Question

\[\int\frac{x^2 - 3x + 1}{x^4 + x^2 + 1} \text{ dx }\]

Answer 1

\[\text{ We have,} \]
\[I = \int\left( \frac{x^2 - 3x + 1}{x^4 + x^2 + 1} \right)dx\]
\[ = \int\frac{\left( x^2 + 1 \right)dx}{x^4 + x^2 + 1} - 3\int\frac{x \text{ dx}}{x^4 + x^2 + 1} . . . . . \left( 1 \right)\]
\[ = I_1 - 3 I_2 \text{ where I}_1 = \int\frac{\left( x^2 + 1 \right)dx}{x^4 + x^2 + 1}, I_2 = \int\frac{x dx}{x^4 + x^2 + 1}\]
\[ I_1 = \int\left( \frac{x^2 + 1}{x^4 + x^2 + 1} \right)dx\]
\[\text{Dividing numerator and denominator by} \text{ x}^2 \]
\[ I_1 = \int\frac{\left( 1 + \frac{1}{x^2} \right)dx}{x^2 + \frac{1}{x^2} + 1}\]
\[ = \int\frac{\left( 1 + \frac{1}{x^2} \right)dx}{x^2 + \frac{1}{x^2} - 2 + 3}\]
\[ = \int\frac{\left( 1 + \frac{1}{x^2} \right)dx}{\left( x - \frac{1}{x} \right)^2 + \left( \sqrt{3} \right)^2}\]

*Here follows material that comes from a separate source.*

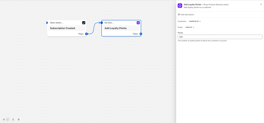 Enhance your subscription model and reward your customers for every new subscription with loyalty points. This guide outlines the steps to configure a custom action in Rivyo Loyalty and set up a corresponding workflow in Shopify Flow.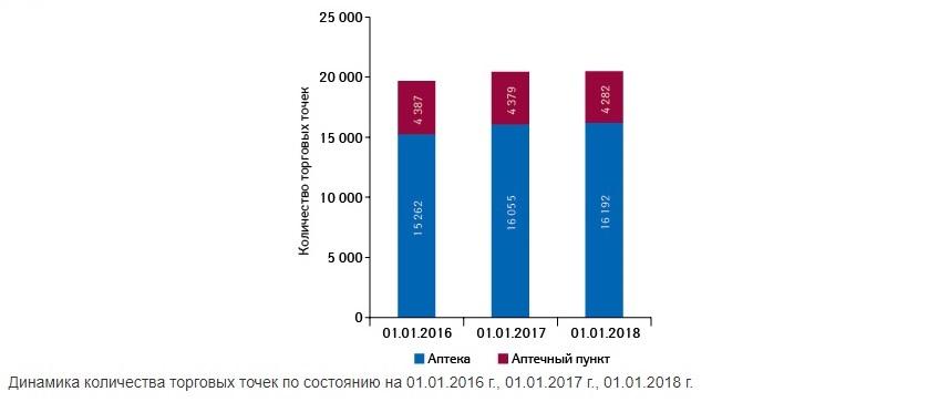 Инфраструктура украинского аптечного рынка постоянно меняется. Количество торговых точек постепенно увеличивается, в основном за счет открытия аптек при сокращении числа аптечных пунктов. За последние три года количество торговых точек в аптечной рознице увеличилось на 825 единиц. По состоянию на начало 2018 года в Украине функционировало 16 200 аптек и 4 300 аптечных пунктов (соотношение аптек и аптечных пунктов составляет 79% на 21%). Всего в стране насчитывается 20 500 торговых точек. В среднем на одну торговую точку приходится около 2 000 жителей.

\[\text{ Let x} - \frac{1}{x} = t\]
\[ \Rightarrow \left( 1 + \frac{1}{x^2} \right)dx = dt\]
\[ \therefore I_1 = \int\frac{dt}{t^2 + \left( \sqrt{3} \right)^2}\]

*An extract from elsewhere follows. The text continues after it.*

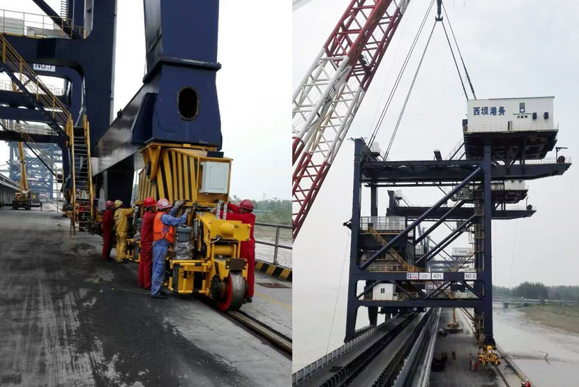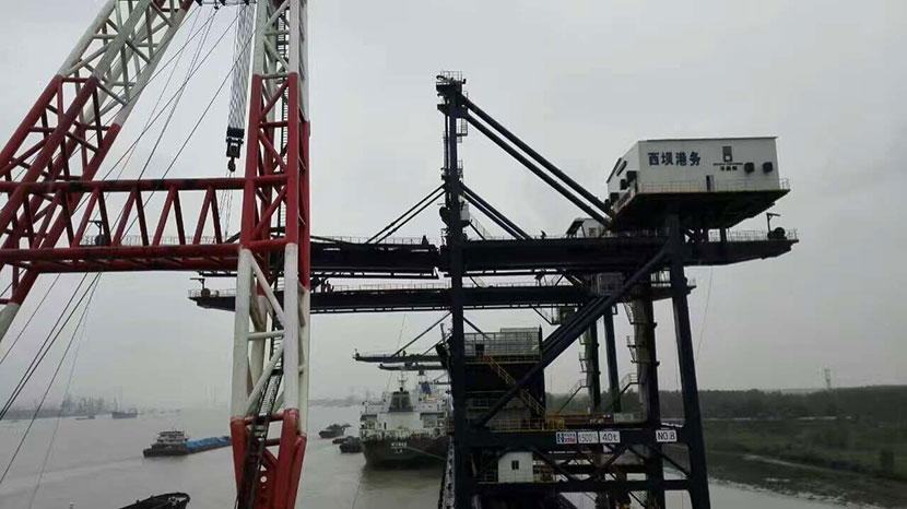 本次兩臺卸船機(7#機、8#機)于2016年9月中旬在張家港制造基地整機安裝結束后,于9月17日開始滾裝,并分別于9月19日,9月20日滾裝上船,加固海固件;9月21日具備發(fā)運條件并出港; 9月22日晚搭載卸船機的駁船“匯宗海”安全抵達西壩碼頭;9月24日和25日,卸船機正式吊裝上岸并順利入軌;吊裝小門架和安裝前大梁,標志著本次滾裝、運輸、吊裝工程全部順利完成。7#機、8#機是華新機電與南京西壩共同自主研發(fā)的第二套在線料斗稱重卸船機,歷時半年時間制造完成,技術國際領先,制造工藝先進,生產工期高效。

\[ I_1 = \frac{1}{\sqrt{3}} \tan^{- 1} \left( \frac{t}{\sqrt{3}} \right) + C_1 \]
\[ I_1 = \frac{1}{\sqrt{3}} \tan^{- 1} \left( \frac{x - \frac{1}{x}}{\sqrt{3}} \right) + C_1 . . . . . \left( 2 \right)\]

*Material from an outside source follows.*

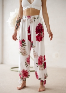 Luźne spodnie do tańca lub do praktyki jogi w kwiatowy wzór FLOWERS

\[ I_2 = \int\frac{x \text{ dx }}{x^4 + x^2 + 1}\]
\[\text{ Putting  x}^2 = t\]
\[ \Rightarrow 2x\text{ dx } = dt\]
\[ \Rightarrow x \text { dx }= \frac{dt}{2}\]
\[ \therefore I_2 = \frac{1}{2}\int\frac{dt}{t^2 + t + 1}\]
\[ = \frac{1}{2}\int\frac{dt}{t^2 + t + \frac{1}{4} + \frac{3}{4}}\]
\[ = \frac{1}{2}\int\frac{dt}{\left( t + \frac{1}{2} \right)^2 + \left( \frac{\sqrt{3}}{2} \right)^2}\]
\[ = \frac{1}{\frac{\sqrt{3}}{2}} \times \frac{1}{2}\left[ \tan^{- 1} \left( \frac{t + \frac{1}{2}}{\frac{\sqrt{3}}{2}} \right) \right] + C_2 \]
\[ = \frac{1}{\sqrt{3}} \tan^{- 1} \left( \frac{2t + 1}{\sqrt{3}} \right) + C_2 \]
\[ I_2 = \frac{1}{\sqrt{3}} \tan^{- 1} \left( \frac{2 x^2 + 1}{\sqrt{3}} \right) + C_2 . . . \left( 3 \right)\]
\[\text{ From  equating} \left( 1 \right), \left( 2 \right) \text{ and } \left( 3 \right) \text{ we have}\]
\[I = \frac{1}{\sqrt{3}} \tan^{- 1} \left( \frac{x - \frac{1}{x}}{\sqrt{3}} \right) + C_1 - 3 \times \left[ \frac{1}{\sqrt{3}} \tan^{- 1} \left( \frac{2 x^2 + 1}{\sqrt{3}} \right) + C_2 \right]\]
\[ = \frac{1}{\sqrt{3}} \tan^{- 1} \left( \frac{x^2 - 1}{\sqrt{3}x} \right) - \sqrt{3} \tan^{- 1} \left( \frac{2 x^2 + 1}{\sqrt{3}} \right) + \text{ C where C = C}_1 + 3 C_2\]